Lei, però, è stato anche spesso intervistato. Ha mai provato imbarazzo?
«Tanti anni fa, praticamente ai miei esordi, vengo finalmente invitato al Maurizio Costanzo Show, ci tenevo molto ad andare. Ma non so spiegare perché e non fu colpa di Maurizio, con cui ormai da tempo faccio tanti programmi in tv, ma quella mia prima volta provai un disagio incredibile, quella sera mi sentivo fuori luogo, avrei voluto fuggire, non volevo stare lì».
Quando le hanno offerto di assumere la direzione artistica del Teatro Mancinelli, il più importante palcoscenico proprio di Orvieto, la città dove è cresciuto e ha studiato, la sua ambizione sarà stata molto appagata...
«Figuriamoci! Quando me l’hanno proposto ho provato la più profonda emozione della mia esistenza. È il teatro dove andavo da ragazzino a vedere gli spettacoli di Rossella Falk, Romolo Valli, le regie di Giorgio Strehler con Valentina Cortese, e poi Gabriele Lavia, Umberto Orsini, Giorgio Albertazzi... miti assoluti. Proprio assistendo a quegli spettacoli, ho capito che la mia fuga verso e con la fantasia poteva avvenire attraverso il teatro.
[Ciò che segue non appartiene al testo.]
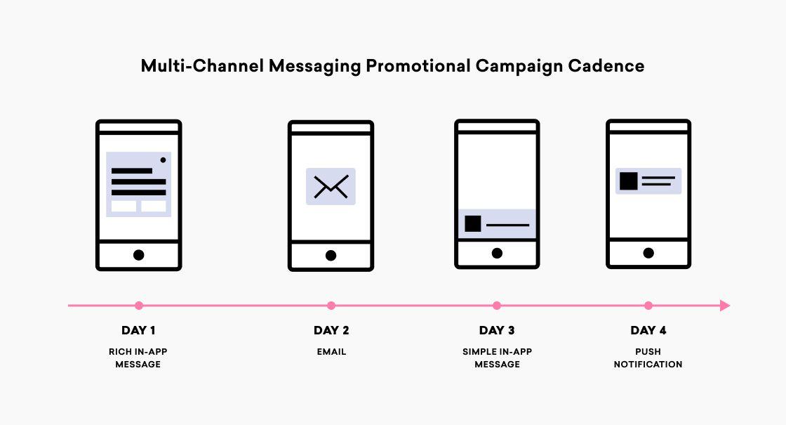 Imagine that PamperHer will be running a four day sale and is looking to create a cross-channel campaign to inform its audience about the sale and encourage them to make a purchase. To reach the target audience as effectively as possible, it’s important to plan out a messaging cadence for the promotional campaign that takes advantage of the strengths of each outreach channel:
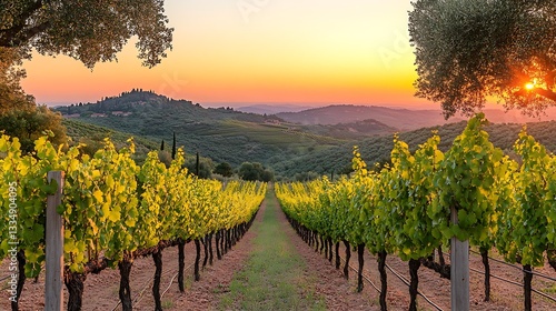 © Alesha, Naklejka premium Vineyard Sunset Landscape
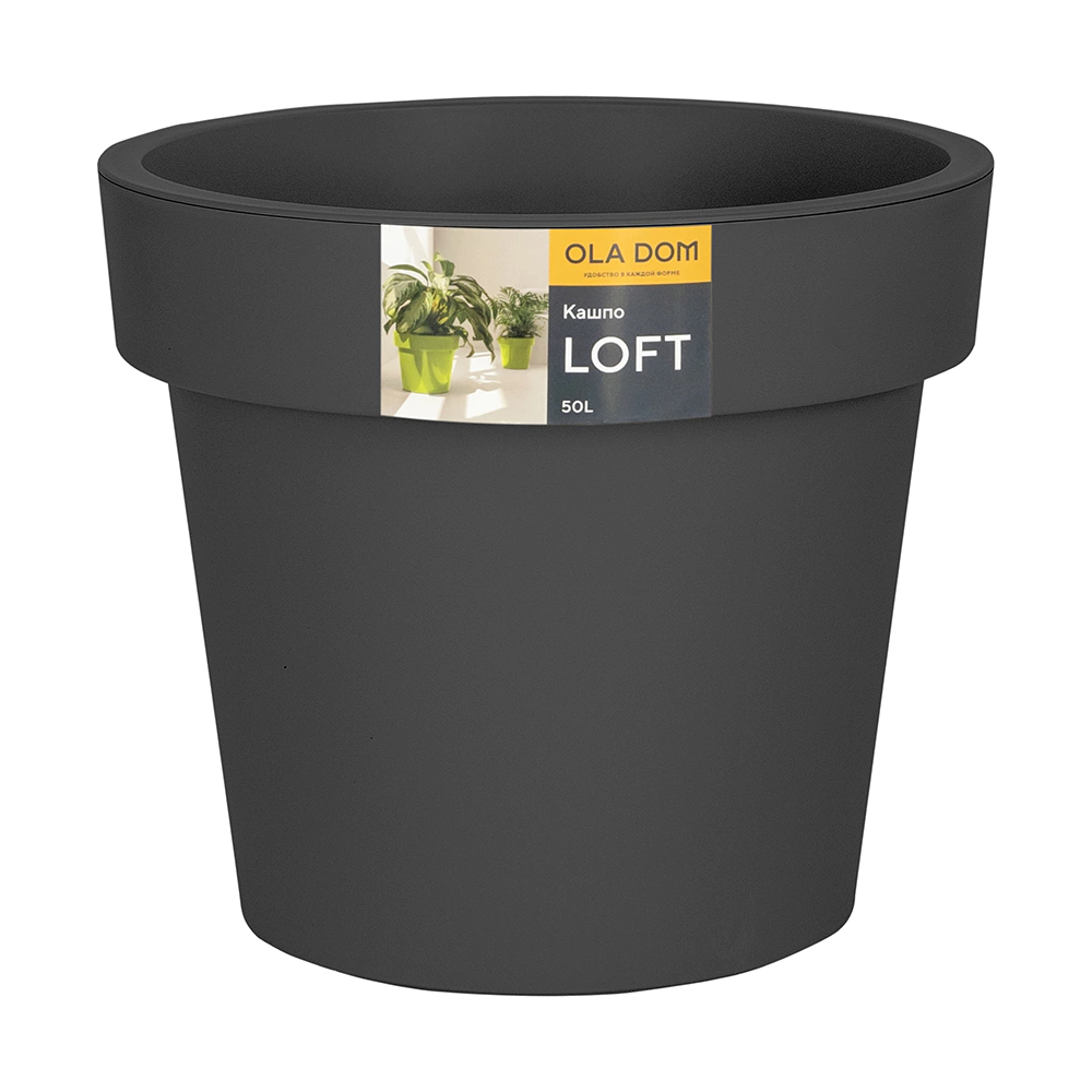 Кашпо пластиковое LOFT OLA DOM серое d48 см h42 см 50 л
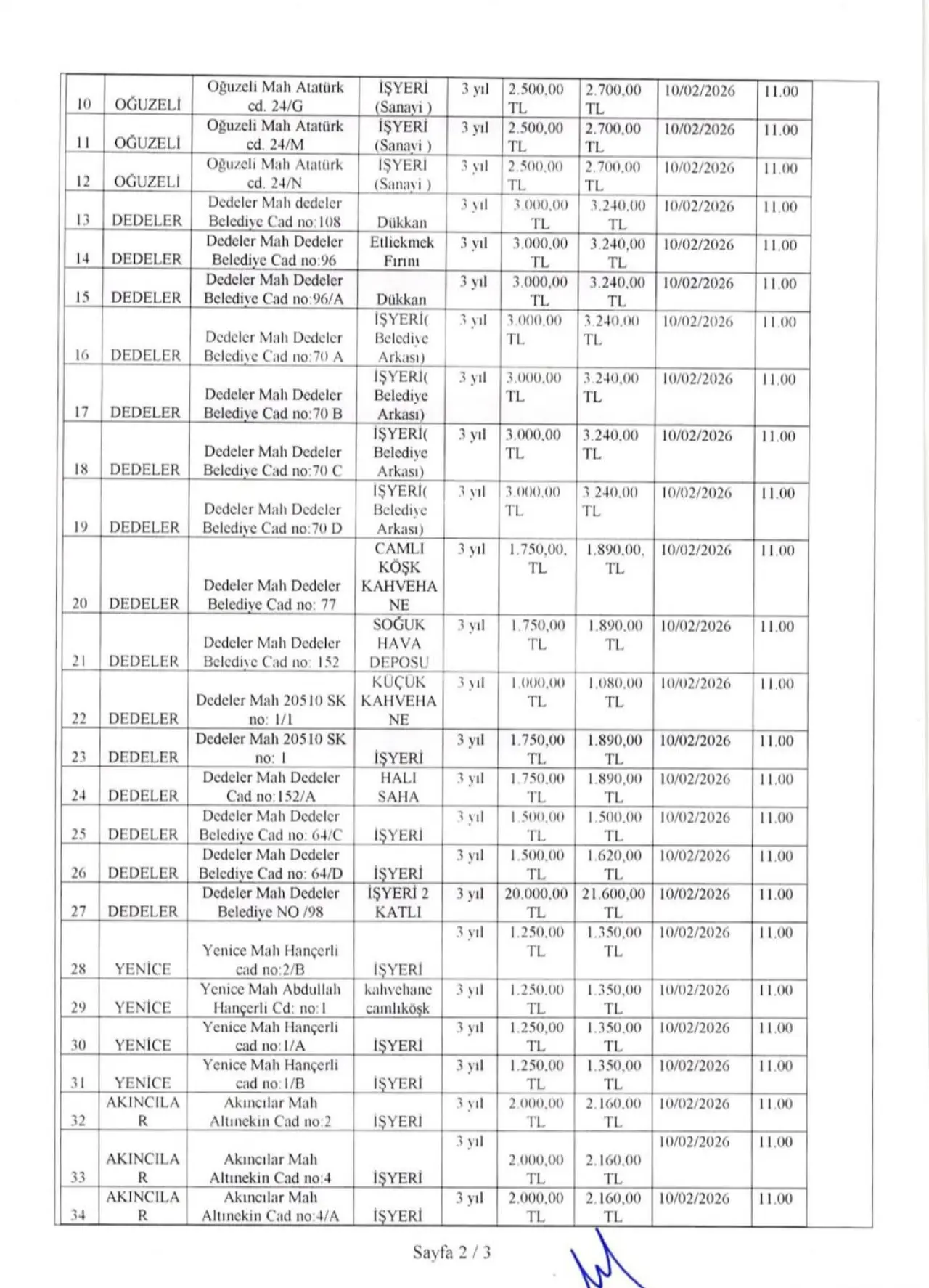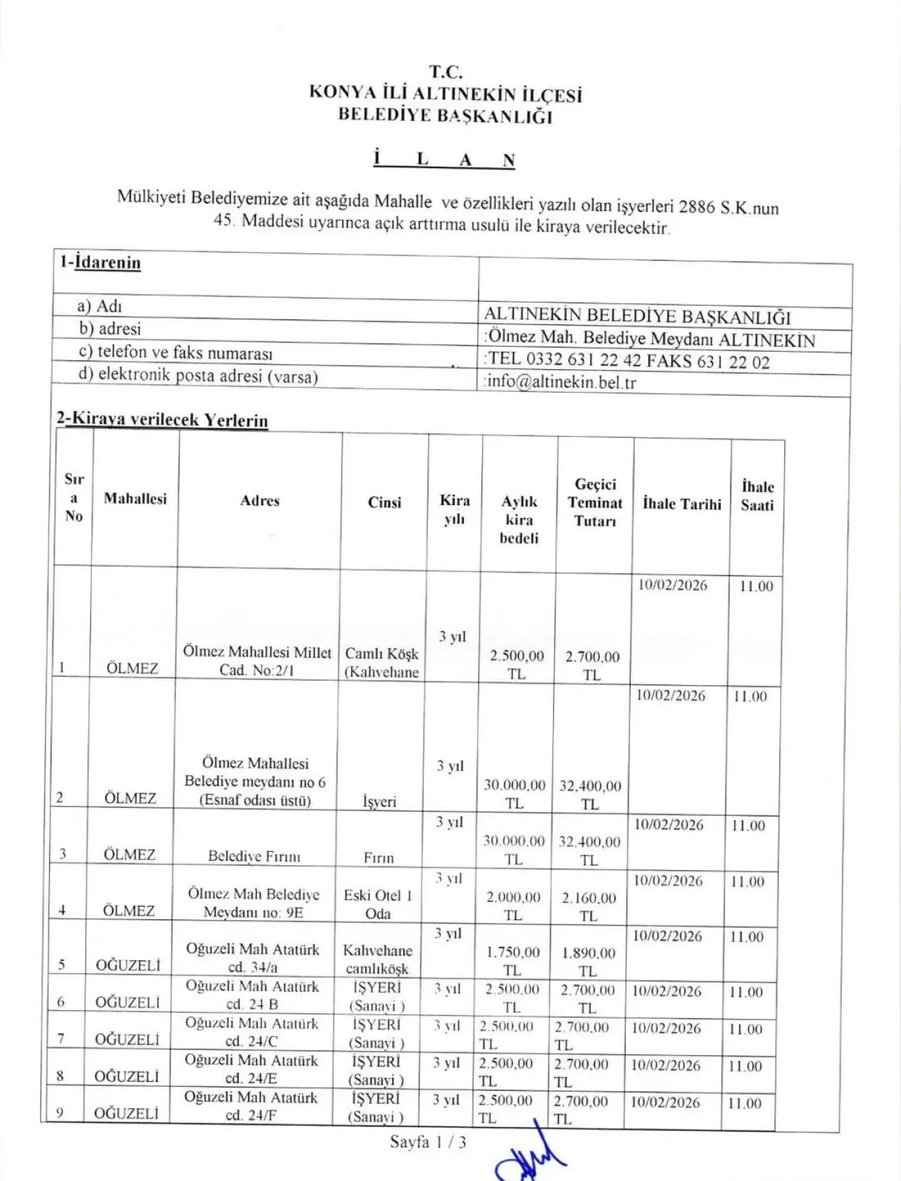 Mülkiyeti Altınekin Belediyesine ait 39 adet iş yeri, 10 Şubat 2026 Salı günü saat 11.00’de, Belediye Toplantı Salonu’nda

Una creatività che cerco di trasmettere ai giovani attraverso il progetto “Teatri in scuola”. Siamo la patria di Luigi Pirandello e di Eduardo De Filippo, ma nelle aule non si studia teatro; siamo la patria di Giuseppe Verdi e di Giacomo Puccini, ma in aula non si studia musica... Ebbene: con la mia associazione, realizziamo dei laboratori per spiegare la materia ai ragazzi e invogliarli alla fruizione dello spettacolo dal vivo. Poi li portiamo in sala per conoscere il grande repertorio».
Intanto, è di nuovo impegnato su Rai1 con il programma «Il caffè» e dal 3 ottobre con Costanzo in «S’è fatta notte», sulla stessa rete.
«In entrambi i programmi, si racconta l’altra Italia. Con leggerezza, insieme agli ospiti presenti in studio, perlustriamo la vita culturale del Paese, tra presente e futuro. È anche uno sguardo sugli aspetti più originali e contraddittori della nostra società che, a pensarci bene... non sono pochi».